SUNNY VALE

I know these are supposed to be 1001 Photos I took before I died, but I can't be absolutely certain whether I took this or my brother did. It was the late 60s and Sunny Vale Pleasure Gardens were already in terminal decline - as this picture of one of the boating lakes shows.

22/1001 : Lazy And Negligent

A photograph from when we were living in Sheffield, some 40 years ago. Photoshop filters can easily create this type of look these days, but back then it was down to some lazy exposure and some negligent developing.

21/1001 : Marks Up, Boars Head Down

I can't pretend that this is a good photo, but it is dripping with local nostalgia. It speaks of a time when policemen wore white raincoats and shoppers wore plastic rain hoods, when Marks was up town and the Boars Head was down below the market .... and the town hall was sooty!

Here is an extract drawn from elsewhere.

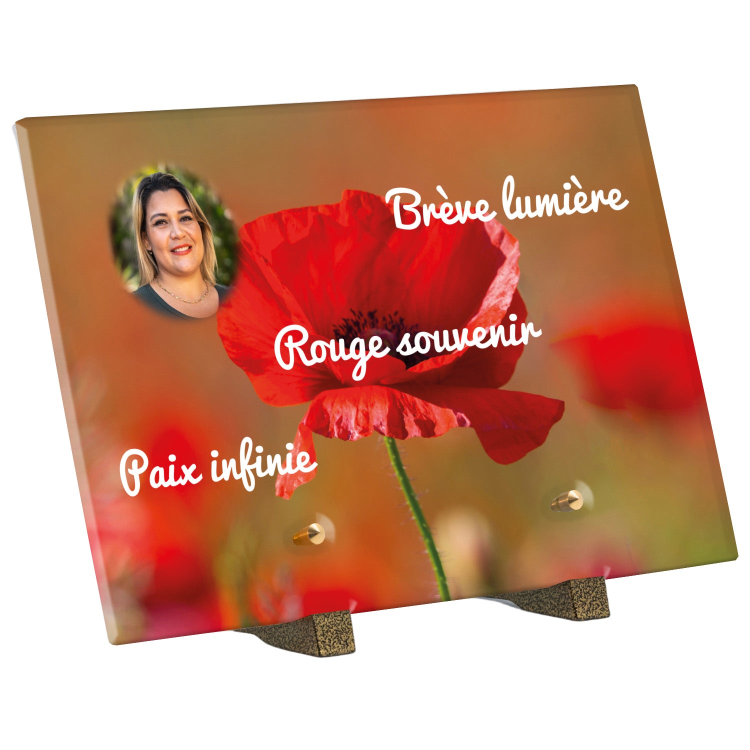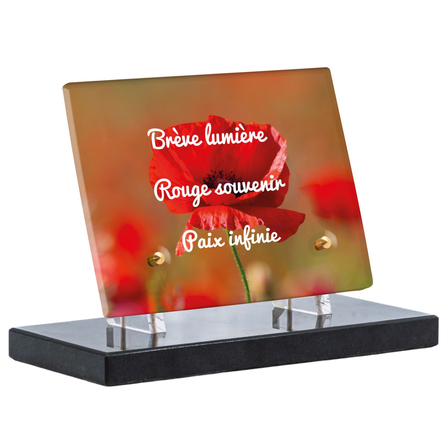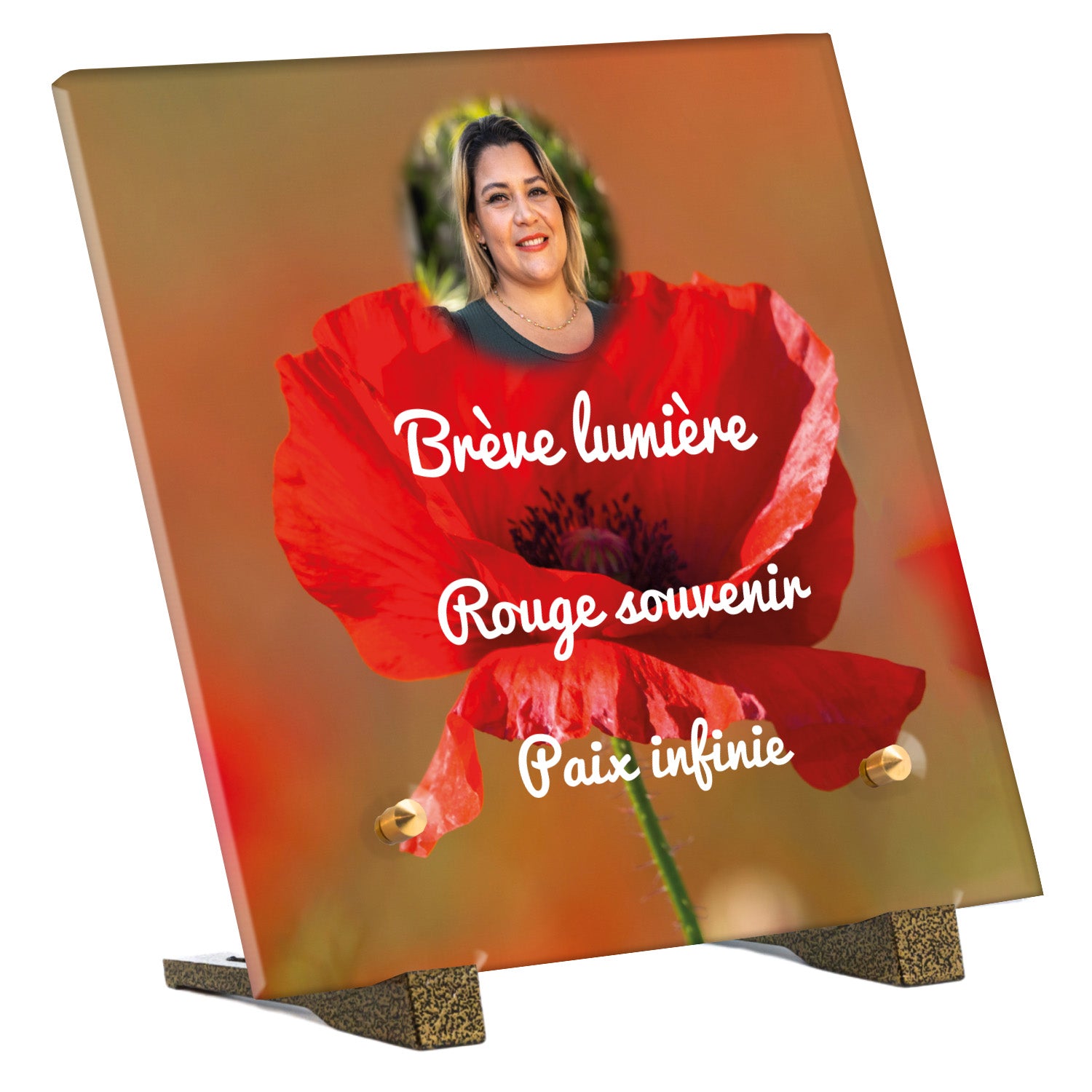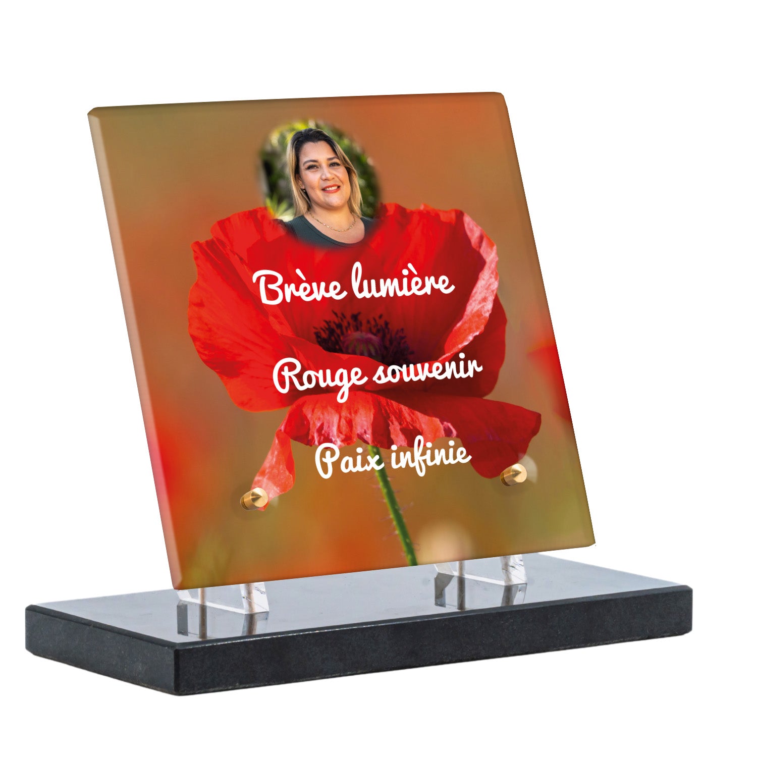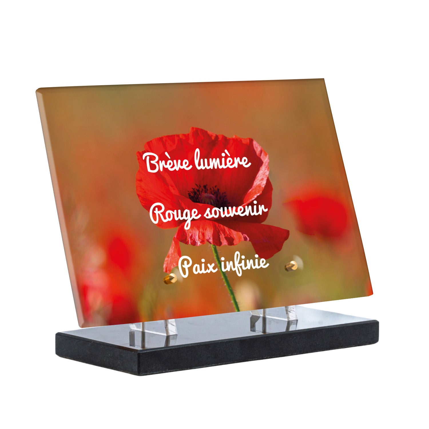 Cette plaque funéraire personnalisée représente élégamment des coquelicots, apportant une touche moderne et délicate à votre hommage. Conçue en plexiglas, cette plaque mortuaire allie esthétisme et résistance, parfaite pour un souvenir qui perdure. Son design sobre et raffiné s’intègre harmonieusement à tout type de sépulture, offrant un rendu contemporain et respectueux.

20/1001 : Reading The News

I can't remember exactly where I was in Sheffield when I took this, but there are folk out there who will recognise the location. I can, however, remember that girl, carrying a newspaper almost as big as she was and having a quick read of the news in the middle of the road.

19/1001 : Thrills

Ah! the days when thrills were characterised by a shilling ride on a waltzer, sheltering from the rain under bulb-spangled awnings, with the scent of freshly cooked chats drifting in the breeze.

18/1001 : Fake Views

As someone said recently, us amateur photographers do like to mess with our photographs. This is a photo I took back in 1982 in the beautiful British Virgin Islands and messed with forty years later. There's not a misaligned sleeve in sight!

Spot The Era

Some aspects of the scene are unchanged today - most of the physical buildings remain. There has, however, been a change of mood, something almost imperceptible that says this is 40 years ago and not today. It could be the genesis of a new game - Spot The Era

Well Done That Town

The shop names and the shape of the cars may be different, and flat caps and plastic rain hoods abound; but the scene is still recognisable. In many places, the modern equivalent would be a pale shadow of commercial enterprise, but not Brighouse. Well done!

The Stealthy Hebble

The Hebble Brook stealths its way through the bottom end of town - sometimes overground, sometimes underground, usually hidden. When it does break the surface it adds curves and fluidity to a perpendicular landscape.